REQUIRED ACTION :: Everything in the listing should be copied exactly, save for the pictures.

DATA SECTION ::
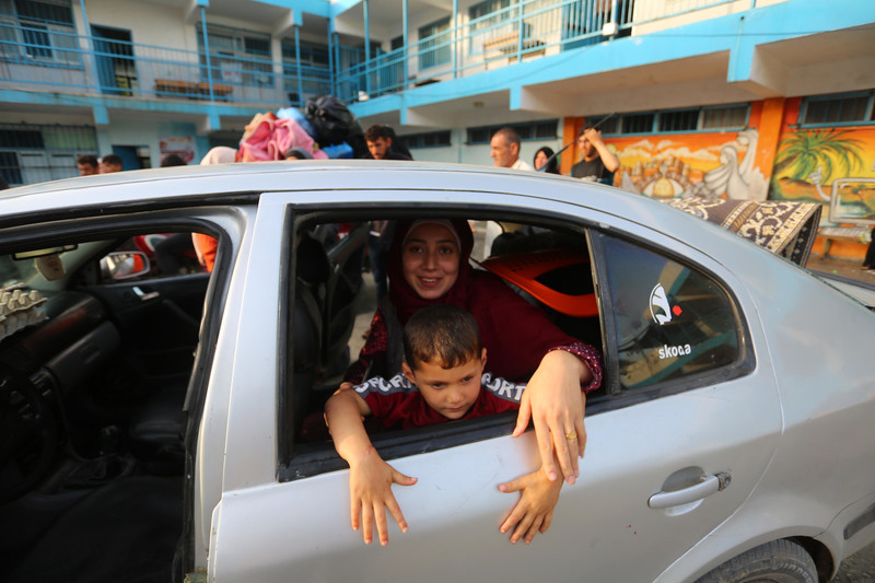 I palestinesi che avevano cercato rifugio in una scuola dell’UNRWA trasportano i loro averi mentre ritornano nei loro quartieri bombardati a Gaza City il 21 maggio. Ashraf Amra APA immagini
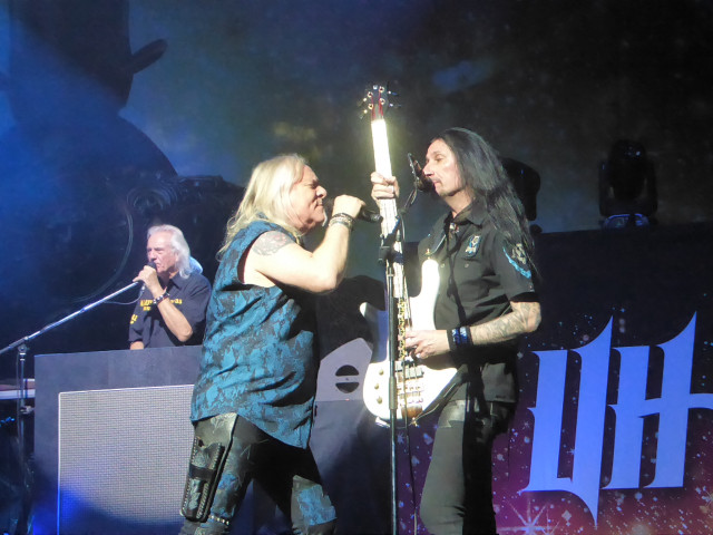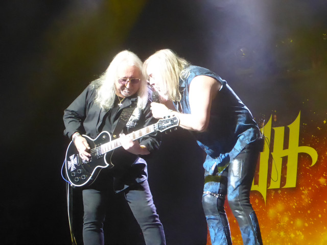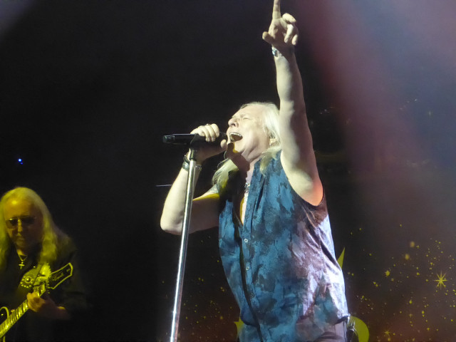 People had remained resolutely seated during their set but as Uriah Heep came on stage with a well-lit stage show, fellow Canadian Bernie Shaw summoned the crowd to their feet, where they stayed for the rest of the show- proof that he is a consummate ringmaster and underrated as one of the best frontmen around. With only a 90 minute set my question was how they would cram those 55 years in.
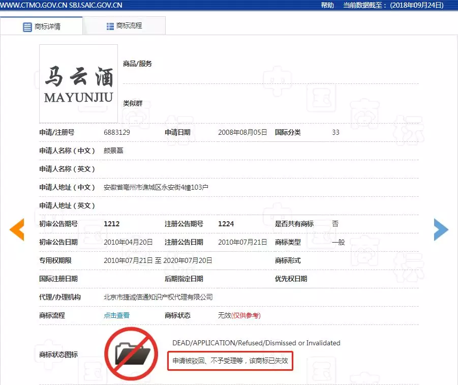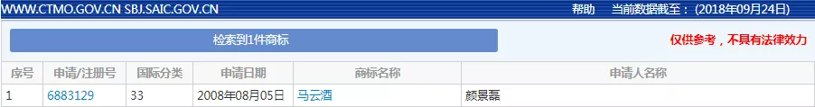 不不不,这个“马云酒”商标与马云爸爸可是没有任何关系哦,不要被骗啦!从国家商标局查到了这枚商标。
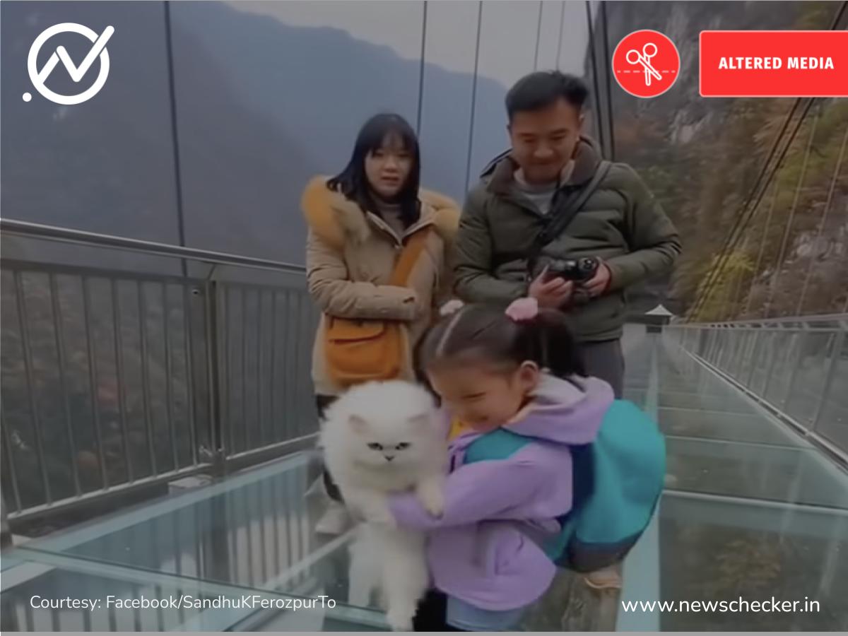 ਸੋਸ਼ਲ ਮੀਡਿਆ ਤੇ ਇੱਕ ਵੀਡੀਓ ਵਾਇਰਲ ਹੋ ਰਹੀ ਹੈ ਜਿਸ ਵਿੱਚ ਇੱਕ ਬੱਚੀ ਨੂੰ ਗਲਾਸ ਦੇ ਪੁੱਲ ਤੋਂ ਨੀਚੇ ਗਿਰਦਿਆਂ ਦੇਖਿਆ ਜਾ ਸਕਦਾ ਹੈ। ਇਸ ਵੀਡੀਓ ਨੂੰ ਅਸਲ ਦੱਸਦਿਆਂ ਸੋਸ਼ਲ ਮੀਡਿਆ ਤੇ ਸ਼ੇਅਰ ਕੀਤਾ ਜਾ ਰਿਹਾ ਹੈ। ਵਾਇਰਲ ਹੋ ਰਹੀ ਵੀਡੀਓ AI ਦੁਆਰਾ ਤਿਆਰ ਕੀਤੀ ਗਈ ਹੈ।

OUTPUT OF THE EXERCISE ::
 I palestinesi che avevano cercato rifugio in una scuola dell’UNRWA trasportano i loro averi mentre ritornano nei loro quartieri bombardati a Gaza City il 21 maggio. Ashraf Amra APA immagini
 People had remained resolutely seated during their set but as Uriah Heep came on stage with a well-lit stage show, fellow Canadian Bernie Shaw summoned the crowd to their feet, where they stayed for the rest of the show- proof that he is a consummate ringmaster and underrated as one of the best frontmen around. With only a 90 minute set my question was how they would cram those 55 years in.
 不不不,这个“马云酒”商标与马云爸爸可是没有任何关系哦,不要被骗啦!从国家商标局查到了这枚商标。
 ਸੋਸ਼ਲ ਮੀਡਿਆ ਤੇ ਇੱਕ ਵੀਡੀਓ ਵਾਇਰਲ ਹੋ ਰਹੀ ਹੈ ਜਿਸ ਵਿੱਚ ਇੱਕ ਬੱਚੀ ਨੂੰ ਗਲਾਸ ਦੇ ਪੁੱਲ ਤੋਂ ਨੀਚੇ ਗਿਰਦਿਆਂ ਦੇਖਿਆ ਜਾ ਸਕਦਾ ਹੈ। ਇਸ ਵੀਡੀਓ ਨੂੰ ਅਸਲ ਦੱਸਦਿਆਂ ਸੋਸ਼ਲ ਮੀਡਿਆ ਤੇ ਸ਼ੇਅਰ ਕੀਤਾ ਜਾ ਰਿਹਾ ਹੈ। ਵਾਇਰਲ ਹੋ ਰਹੀ ਵੀਡੀਓ AI ਦੁਆਰਾ ਤਿਆਰ ਕੀਤੀ ਗਈ ਹੈ।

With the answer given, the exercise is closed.